Radio Shangri-La_ What I Learned in Bhutan, the Happiest Kingdom on Earth - Lisa Napoli [95]
And when I read that, I knew she must be pregnant.
I KNEW WHAT it was like to have a whirlwind courtship that led to marriage after a life-altering experience. Mine had happened exactly twenty years earlier, back when I was Ngawang’s age, in fact. My husband-to-be and I had met when he came to work at the television station in North Carolina. Not long after, I’d had that epiphany on the way to the grocery store. This liberation from my fear of the dark, I assumed, meant I was now healed and ready to join with this wonderful man. United from a point of strength, not weakness. Running off and getting married in a fit of passion, after just several months, felt like my way of declaring to the world, “That rapist didn’t ruin me. See?” It was the first impetuous act of my short life thus far.
And then, my new husband lost his job at the station in a management shakeup. He got an even better one—in, of all places, Atlanta. The scene of the crime was the last place I ever would have chosen to move, but in the media business, you went where the work took you. I rationalized: It wasn’t Atlanta’s fault that I was attacked; it could have happened anywhere. If I could survive returning there, I believed, I’d be demonstrating my capacity to adapt to anything, to show how unflappable I was. It would be an illustration of my boundless ability to forgive—to transcend geography. People who refused to leave a certain location or go to another were histrionic, inflexible, oversensitive. I was not going to be one of those people who let history get in the way of progress.
Even the best intentions can be fraught with delusion. I had greatly underestimated how hard it would be to settle into the place where this horrible thing had happened, perhaps even more than I’d underestimated how complicated it was to be married. Within a year, another job offer rescued us, and back we went to North Carolina. I found myself felled by a mysterious lethargy that I first attributed to moving. In the course of trying to determine what was wrong, the doctor I visited offered a prescription: counseling.

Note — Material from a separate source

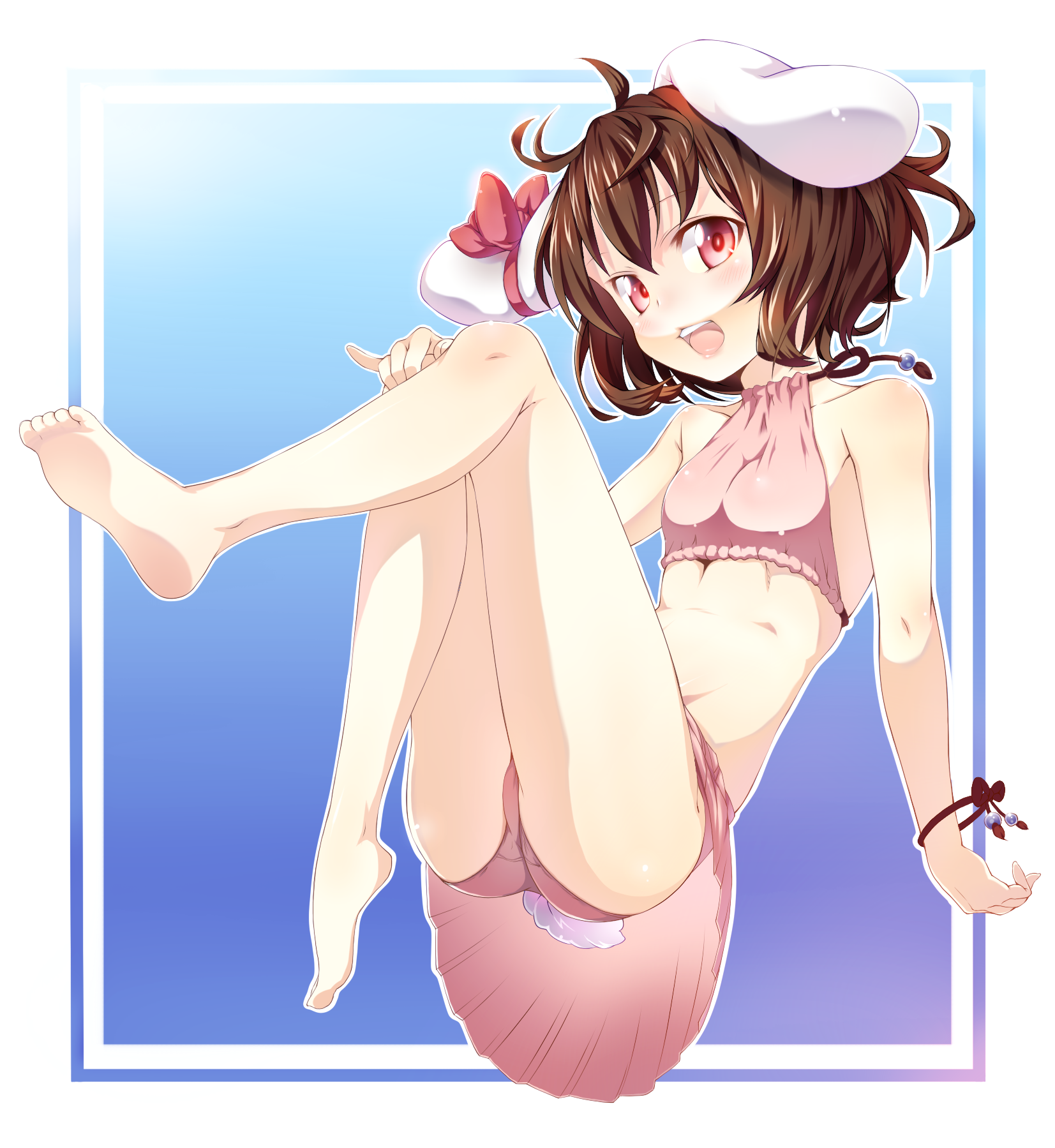 kirisame marisa, megumin, kono subarashii sekai ni shukufuku wo!, touhou, absurdres, commentary request, highres, 1girl, alternate costume, bandaged leg, bandages, belt, belt collar, black gloves, black panties, black thighhighs, blonde hair, blush, bow, braid, breasts, brown belt, brown cape, brown hat, button eyes, buttons, cape, cleavage, collar, cosplay, dress, fingerless gloves, gloves, grin, hair bow, hat, long sleeves, looking at viewer, megumin (cosplay), nagisa (omiwatari no ya), off-shoulder dress, off shoulder, panties, red dress, side braid, single braid, single thighhigh, smile, solo, thighhighs, trait connection, underwear, white bow, witch hat, yellow eyes

Everything is fine, I insisted. That’s all in the past. Still, I obeyed and found a therapist. I was tired of being tired all the time. As we talked, a diagnosis emerged. It wasn’t fatigue; it was depression. I was consumed with doubt and anger. Here I was, barely a quarter of a century old, connected to this man, moving around for his work, depending on him for financial and personal security. How did I get here? This wasn’t how I imagined my life to be. I believed I loved him, but what did love mean, exactly? My problem was this sinking feeling that I was ill-equipped and unprepared to be a wife.

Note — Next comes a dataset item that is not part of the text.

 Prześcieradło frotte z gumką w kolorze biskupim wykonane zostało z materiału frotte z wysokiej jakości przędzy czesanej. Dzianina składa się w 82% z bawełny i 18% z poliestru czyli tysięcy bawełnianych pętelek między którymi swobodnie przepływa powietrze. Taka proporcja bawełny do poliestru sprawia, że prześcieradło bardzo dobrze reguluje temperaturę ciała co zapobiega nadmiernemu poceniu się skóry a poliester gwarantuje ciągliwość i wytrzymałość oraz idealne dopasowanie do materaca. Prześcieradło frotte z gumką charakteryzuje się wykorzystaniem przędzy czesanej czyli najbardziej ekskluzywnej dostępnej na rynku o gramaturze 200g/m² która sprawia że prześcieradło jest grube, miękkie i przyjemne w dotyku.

Almost as if to prove that I wasn’t really an adult, I found myself stymied in how to confess my misgivings to my poor, sweet husband. To say “I’ve made a mistake, there is something wrong, I don’t quite understand, please forgive me. Would you mind, please, if I exile myself to a room, and let some time pass, so that when I emerge I’ll be healed, recalibrated—and then we could just skip happily forward into the future?” If I had had the courage to ask, he would likely have said yes.

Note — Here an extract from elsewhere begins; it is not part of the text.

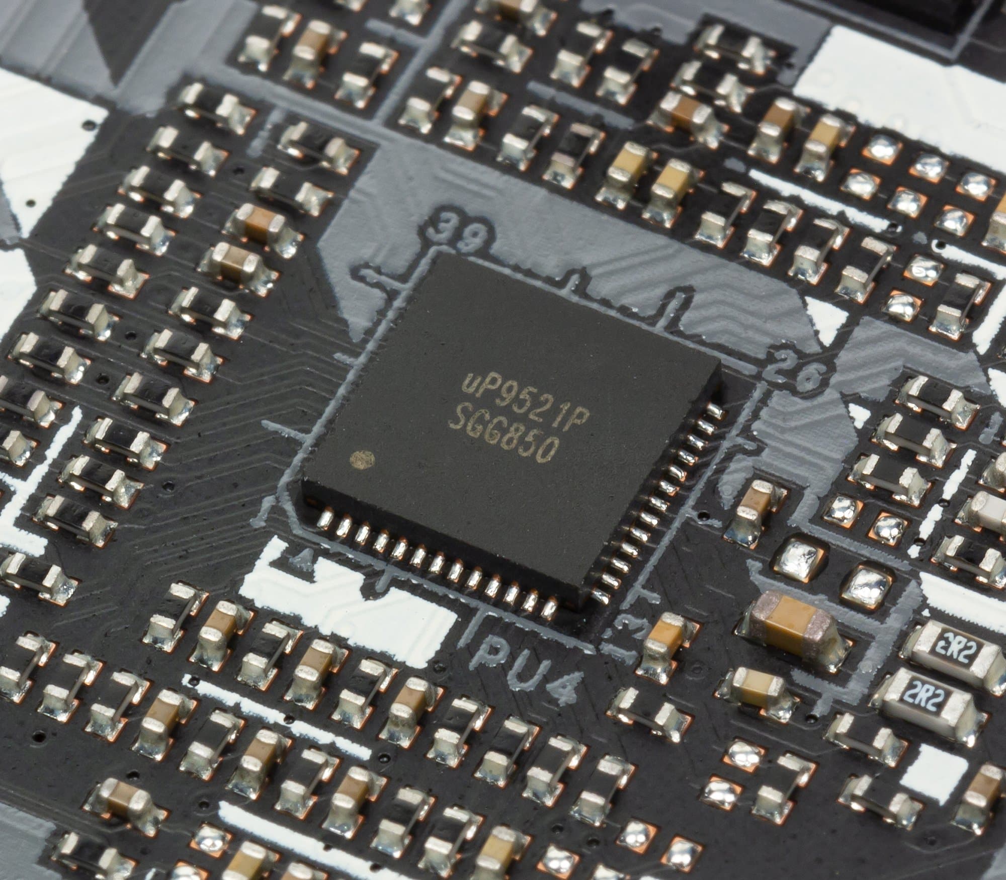 Управляет данной схемой цифровой контроллер uP9521P от uPI Semiconductor.

But instead of speaking my doubts, I shared my deepest fears with a notebook. I wrote down every bit of it. How I felt trapped, how much I doubted it all, how I hated everything, including my poor husband, how I wished we both were dead. I didn’t mean it. I didn’t know what I meant, how I felt. I put my confessional notebook in a drawer in my desk and left town for a few days for work. And when I’d returned, my husband was waiting for me at the door, his face washed with devastation. In his search for clues to my distress, he’d read what I had written.